> **ASSIGNMENT**
The data below holds the lines to copy: everything from the line containing "Step through the" to the line containing "India has diverse", both ends included, set down exactly.

Start of DATA SUPPLIED

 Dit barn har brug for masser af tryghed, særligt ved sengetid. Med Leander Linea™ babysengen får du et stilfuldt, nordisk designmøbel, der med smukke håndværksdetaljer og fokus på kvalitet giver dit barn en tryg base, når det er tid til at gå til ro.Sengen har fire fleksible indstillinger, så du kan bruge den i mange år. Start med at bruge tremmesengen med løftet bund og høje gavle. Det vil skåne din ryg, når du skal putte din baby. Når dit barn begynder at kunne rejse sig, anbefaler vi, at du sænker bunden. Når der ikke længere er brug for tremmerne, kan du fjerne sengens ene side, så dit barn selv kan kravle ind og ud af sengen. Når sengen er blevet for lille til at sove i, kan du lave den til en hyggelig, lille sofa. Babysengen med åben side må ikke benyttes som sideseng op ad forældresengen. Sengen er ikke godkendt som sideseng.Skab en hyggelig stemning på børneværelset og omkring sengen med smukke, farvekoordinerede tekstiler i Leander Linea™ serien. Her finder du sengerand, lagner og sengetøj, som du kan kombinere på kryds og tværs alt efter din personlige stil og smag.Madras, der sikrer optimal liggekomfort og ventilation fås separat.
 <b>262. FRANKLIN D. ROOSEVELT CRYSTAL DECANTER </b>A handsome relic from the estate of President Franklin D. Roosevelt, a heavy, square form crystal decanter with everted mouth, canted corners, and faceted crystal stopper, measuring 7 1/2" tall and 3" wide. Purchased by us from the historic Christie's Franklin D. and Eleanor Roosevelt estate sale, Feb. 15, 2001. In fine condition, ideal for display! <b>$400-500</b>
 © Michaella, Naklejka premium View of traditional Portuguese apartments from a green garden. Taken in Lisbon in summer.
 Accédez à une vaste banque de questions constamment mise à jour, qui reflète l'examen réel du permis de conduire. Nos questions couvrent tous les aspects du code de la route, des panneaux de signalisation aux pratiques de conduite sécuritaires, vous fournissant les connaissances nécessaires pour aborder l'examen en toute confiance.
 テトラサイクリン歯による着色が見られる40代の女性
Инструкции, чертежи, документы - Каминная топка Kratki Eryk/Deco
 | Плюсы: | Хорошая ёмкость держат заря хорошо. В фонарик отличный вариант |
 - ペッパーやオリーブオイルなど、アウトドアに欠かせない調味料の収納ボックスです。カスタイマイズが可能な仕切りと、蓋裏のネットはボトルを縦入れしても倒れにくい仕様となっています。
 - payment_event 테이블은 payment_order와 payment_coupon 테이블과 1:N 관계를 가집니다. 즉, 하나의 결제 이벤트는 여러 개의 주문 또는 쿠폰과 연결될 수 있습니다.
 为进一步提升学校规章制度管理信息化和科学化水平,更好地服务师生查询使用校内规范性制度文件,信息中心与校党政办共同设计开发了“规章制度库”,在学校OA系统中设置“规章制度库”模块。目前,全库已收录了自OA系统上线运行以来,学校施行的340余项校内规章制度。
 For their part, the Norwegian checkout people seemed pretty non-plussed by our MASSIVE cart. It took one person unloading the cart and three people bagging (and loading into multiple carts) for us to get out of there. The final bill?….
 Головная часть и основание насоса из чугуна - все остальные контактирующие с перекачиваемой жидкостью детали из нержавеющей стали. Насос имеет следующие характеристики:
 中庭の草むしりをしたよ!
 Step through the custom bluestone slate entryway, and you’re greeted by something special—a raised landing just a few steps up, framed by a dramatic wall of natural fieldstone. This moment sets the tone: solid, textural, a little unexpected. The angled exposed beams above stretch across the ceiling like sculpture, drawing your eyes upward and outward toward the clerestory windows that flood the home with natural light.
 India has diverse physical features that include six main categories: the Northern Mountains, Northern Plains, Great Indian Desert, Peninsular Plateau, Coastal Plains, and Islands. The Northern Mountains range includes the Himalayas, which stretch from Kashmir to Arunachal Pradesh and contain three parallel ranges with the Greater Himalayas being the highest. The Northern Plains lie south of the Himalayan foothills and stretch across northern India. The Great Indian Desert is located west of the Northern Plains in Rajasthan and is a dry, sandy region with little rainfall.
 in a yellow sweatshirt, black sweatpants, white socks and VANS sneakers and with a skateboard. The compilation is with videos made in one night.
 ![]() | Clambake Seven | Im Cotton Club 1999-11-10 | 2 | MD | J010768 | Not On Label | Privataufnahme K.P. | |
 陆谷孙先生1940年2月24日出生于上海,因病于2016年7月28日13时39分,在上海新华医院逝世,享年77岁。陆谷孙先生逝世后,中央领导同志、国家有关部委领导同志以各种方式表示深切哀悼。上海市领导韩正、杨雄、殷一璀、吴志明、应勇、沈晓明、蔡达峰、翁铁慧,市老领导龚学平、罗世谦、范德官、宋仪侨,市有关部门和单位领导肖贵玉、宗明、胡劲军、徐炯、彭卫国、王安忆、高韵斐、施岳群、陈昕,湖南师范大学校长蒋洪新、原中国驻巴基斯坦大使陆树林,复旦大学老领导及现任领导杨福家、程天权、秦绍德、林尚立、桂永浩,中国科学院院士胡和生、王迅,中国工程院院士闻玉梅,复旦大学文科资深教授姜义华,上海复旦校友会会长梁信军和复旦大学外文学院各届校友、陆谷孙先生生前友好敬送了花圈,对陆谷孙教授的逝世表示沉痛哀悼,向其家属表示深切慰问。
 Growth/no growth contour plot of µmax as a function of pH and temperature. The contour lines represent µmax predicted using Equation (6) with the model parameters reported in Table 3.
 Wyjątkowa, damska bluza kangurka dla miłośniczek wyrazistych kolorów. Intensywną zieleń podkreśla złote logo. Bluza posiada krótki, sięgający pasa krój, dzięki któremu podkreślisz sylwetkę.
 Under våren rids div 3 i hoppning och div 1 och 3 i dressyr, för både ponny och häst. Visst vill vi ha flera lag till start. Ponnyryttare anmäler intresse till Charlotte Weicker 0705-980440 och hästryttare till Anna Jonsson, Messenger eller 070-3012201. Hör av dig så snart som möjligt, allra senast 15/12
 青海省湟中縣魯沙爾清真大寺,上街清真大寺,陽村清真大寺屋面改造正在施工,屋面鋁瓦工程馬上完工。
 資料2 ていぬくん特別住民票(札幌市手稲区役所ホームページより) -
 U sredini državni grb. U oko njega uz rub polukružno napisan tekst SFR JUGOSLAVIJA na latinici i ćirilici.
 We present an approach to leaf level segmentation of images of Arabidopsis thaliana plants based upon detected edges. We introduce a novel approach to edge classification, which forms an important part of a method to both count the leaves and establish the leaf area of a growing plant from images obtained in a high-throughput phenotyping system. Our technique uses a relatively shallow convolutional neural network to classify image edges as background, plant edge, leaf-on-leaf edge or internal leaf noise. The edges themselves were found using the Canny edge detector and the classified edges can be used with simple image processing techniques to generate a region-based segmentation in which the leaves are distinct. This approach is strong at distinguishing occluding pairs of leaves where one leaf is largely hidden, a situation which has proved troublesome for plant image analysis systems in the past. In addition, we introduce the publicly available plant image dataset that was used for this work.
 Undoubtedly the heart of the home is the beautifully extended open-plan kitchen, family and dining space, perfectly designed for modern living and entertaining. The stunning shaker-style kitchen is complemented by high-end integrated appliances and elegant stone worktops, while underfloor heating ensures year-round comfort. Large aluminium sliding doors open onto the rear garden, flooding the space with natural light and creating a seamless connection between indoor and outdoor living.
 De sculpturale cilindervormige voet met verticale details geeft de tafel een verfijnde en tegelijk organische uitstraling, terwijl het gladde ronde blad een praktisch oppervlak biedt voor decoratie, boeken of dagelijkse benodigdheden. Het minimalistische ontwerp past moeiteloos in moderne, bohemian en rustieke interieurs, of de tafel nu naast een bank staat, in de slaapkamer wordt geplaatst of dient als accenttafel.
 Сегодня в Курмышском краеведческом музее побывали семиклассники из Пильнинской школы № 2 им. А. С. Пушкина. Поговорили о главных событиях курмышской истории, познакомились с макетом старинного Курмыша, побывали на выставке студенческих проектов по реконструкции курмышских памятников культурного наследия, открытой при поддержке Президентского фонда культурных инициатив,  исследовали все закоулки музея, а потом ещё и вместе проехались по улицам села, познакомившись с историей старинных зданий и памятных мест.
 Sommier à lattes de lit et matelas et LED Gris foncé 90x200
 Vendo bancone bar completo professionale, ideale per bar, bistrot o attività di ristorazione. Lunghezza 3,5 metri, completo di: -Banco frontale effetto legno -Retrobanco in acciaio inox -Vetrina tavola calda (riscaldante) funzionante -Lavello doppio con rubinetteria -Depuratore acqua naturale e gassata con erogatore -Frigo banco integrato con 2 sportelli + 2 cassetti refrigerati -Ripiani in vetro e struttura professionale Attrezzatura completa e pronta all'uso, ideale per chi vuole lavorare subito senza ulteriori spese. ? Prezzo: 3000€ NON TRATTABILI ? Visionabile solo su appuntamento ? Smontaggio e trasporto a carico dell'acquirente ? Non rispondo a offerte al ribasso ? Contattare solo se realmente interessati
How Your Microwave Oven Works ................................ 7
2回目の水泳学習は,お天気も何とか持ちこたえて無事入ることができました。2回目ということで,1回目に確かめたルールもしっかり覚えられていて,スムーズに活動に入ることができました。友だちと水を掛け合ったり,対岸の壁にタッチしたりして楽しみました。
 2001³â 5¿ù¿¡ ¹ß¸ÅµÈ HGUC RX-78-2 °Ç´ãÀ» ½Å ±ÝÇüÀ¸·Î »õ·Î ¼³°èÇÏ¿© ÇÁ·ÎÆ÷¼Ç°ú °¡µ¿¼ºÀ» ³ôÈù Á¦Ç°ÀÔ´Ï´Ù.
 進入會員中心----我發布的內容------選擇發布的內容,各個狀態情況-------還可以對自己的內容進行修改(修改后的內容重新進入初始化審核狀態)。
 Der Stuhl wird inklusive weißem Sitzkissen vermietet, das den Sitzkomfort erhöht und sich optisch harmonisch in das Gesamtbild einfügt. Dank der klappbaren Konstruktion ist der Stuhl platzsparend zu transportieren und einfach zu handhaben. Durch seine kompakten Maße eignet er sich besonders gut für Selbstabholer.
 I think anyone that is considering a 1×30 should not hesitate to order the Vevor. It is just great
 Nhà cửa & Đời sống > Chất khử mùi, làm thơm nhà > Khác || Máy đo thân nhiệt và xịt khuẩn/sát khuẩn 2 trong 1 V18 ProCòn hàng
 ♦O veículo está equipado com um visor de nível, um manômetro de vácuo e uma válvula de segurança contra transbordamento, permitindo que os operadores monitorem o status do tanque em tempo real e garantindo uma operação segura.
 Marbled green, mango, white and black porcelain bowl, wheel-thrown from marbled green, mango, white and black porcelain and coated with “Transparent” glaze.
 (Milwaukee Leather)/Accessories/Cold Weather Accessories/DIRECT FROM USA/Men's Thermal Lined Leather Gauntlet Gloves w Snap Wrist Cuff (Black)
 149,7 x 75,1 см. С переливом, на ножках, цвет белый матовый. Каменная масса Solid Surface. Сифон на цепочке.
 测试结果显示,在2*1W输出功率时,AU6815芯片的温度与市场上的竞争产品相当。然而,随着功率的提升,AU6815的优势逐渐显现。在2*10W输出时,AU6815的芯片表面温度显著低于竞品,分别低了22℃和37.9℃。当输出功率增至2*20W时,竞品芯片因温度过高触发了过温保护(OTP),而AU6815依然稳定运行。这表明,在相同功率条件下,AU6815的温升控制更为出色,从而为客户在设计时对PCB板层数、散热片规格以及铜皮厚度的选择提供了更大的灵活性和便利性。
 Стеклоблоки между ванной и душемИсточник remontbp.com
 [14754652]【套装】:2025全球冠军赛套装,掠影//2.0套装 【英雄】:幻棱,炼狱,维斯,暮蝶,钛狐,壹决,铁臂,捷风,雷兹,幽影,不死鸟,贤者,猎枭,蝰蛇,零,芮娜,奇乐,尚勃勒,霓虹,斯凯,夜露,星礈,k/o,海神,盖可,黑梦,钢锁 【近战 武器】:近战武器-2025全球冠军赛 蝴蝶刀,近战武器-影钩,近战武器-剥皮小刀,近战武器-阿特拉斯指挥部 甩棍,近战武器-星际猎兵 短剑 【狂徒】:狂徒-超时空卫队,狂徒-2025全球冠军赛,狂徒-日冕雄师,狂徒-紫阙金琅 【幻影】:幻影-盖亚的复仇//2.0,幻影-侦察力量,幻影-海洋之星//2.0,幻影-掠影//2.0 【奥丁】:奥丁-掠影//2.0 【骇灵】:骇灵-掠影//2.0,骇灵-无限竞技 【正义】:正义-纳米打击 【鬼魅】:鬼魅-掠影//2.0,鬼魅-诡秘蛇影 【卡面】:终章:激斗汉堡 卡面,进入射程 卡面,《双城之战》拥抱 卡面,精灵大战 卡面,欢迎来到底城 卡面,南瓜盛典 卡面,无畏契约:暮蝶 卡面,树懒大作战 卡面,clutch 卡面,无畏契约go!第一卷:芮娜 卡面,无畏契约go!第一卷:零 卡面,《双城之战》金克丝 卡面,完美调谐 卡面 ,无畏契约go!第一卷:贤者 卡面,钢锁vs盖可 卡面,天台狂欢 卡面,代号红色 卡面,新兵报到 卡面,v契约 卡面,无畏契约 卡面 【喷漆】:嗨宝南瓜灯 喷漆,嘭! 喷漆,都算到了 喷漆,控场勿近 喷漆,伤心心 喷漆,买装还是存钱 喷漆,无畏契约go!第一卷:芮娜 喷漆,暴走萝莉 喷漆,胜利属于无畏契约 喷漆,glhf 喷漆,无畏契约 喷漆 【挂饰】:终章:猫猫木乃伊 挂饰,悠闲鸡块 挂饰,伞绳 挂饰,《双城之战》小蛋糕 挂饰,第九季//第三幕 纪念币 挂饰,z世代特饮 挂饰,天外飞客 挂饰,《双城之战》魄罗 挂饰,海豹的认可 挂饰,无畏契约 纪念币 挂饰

End of DATA SUPPLIED

> **SOLVED EXERCISE**
 Step through the custom bluestone slate entryway, and you’re greeted by something special—a raised landing just a few steps up, framed by a dramatic wall of natural fieldstone. This moment sets the tone: solid, textural, a little unexpected. The angled exposed beams above stretch across the ceiling like sculpture, drawing your eyes upward and outward toward the clerestory windows that flood the home with natural light.
 India has diverse physical features that include six main categories: the Northern Mountains, Northern Plains, Great Indian Desert, Peninsular Plateau, Coastal Plains, and Islands. The Northern Mountains range includes the Himalayas, which stretch from Kashmir to Arunachal Pradesh and contain three parallel ranges with the Greater Himalayas being the highest. The Northern Plains lie south of the Himalayan foothills and stretch across northern India. The Great Indian Desert is located west of the Northern Plains in Rajasthan and is a dry, sandy region with little rainfall.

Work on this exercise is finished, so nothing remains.